Wer Veranstaltungen dieser Art in den USA schon öfters besucht hat, stellt sich darauf
ein, dass er zur Eröffnung einen geschniegelten CEO vorgesetzt bekommt, der entschlossenen
Schritts eine in grelle Farben getauchte Bühne betritt und mit messianischer Gestik kühne
Visionen von Geschäftsprozessoptimierung und sagenhaften Profitsteigerungen
beschwört. So genannte ›Features and Functions‹, also die explizite Darstellung von Produkten und Funktionalitäten, gelten in solchen Kreisen als höchst unprofessionell.
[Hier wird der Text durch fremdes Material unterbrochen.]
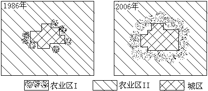 小题3:与1986年不同的是,2006年农业区I的农产品常年供应量增大,其主要原因是(?)

Umso positiver vermerkt man, dass der CEO von SolidWorks, John McEleny, schon vom
Typ her weniger der smarte Businessman, sondern eher der Chef, der noch gelernt hat, selber mit anzupacken, zwar auch mit viel Getöse die
Bühne betritt (genauer gesagt befährt, denn er reitet
auf einem veritablen Chopper ein), es sich aber nicht
nehmen lässt, im Rahmen seiner Eröffnungspräsentation eine ›Sneak Preview‹ von SolidWorks 2006 persönlich vorzustellen. Überhaupt gibt man sich in Sachen
›Value Proposition‹ bemerkenswert bodenständig – und
ist vielleicht gerade deswegen so außerordentlich erfolgreich. Hier wird nicht mit nebulösen, weil schwer vermittelbaren Konzepten (der Dauerbrenner: ›PLM‹) hantiert, sondern mit einer klaren Nutzenbotschaft: 3DKonstruktions- und Analysewerkzeuge für Leute, die
etwas bewegen wollen.
Und so kommen als Ehrengäste (›Key Notes‹) auch
nicht anonyme Funktionäre von Großunternehmen zu
Wort, sondern Self-Made Leute wie Paul Teutul
(gesprochen ›Tuttle‹, www.orangecountychoppers.com), der Seniorchef einer Firma, die
sehr erfolgreich Chopper herstellt, oder Burt Rutan, der mit privaten Mitteln ein Raumschiff gebaut hat, mit dem ein letztes Jahr ein Flug in die Stratosphäre geglückt ist (Infos
unter www. scaled.com). Das ganze übrigens mit der klaren Perspektive, den Weltraumtourismus über die nächsten 15 Jahre zu einem erfolgreichen Wirtschaftszweig zu machen.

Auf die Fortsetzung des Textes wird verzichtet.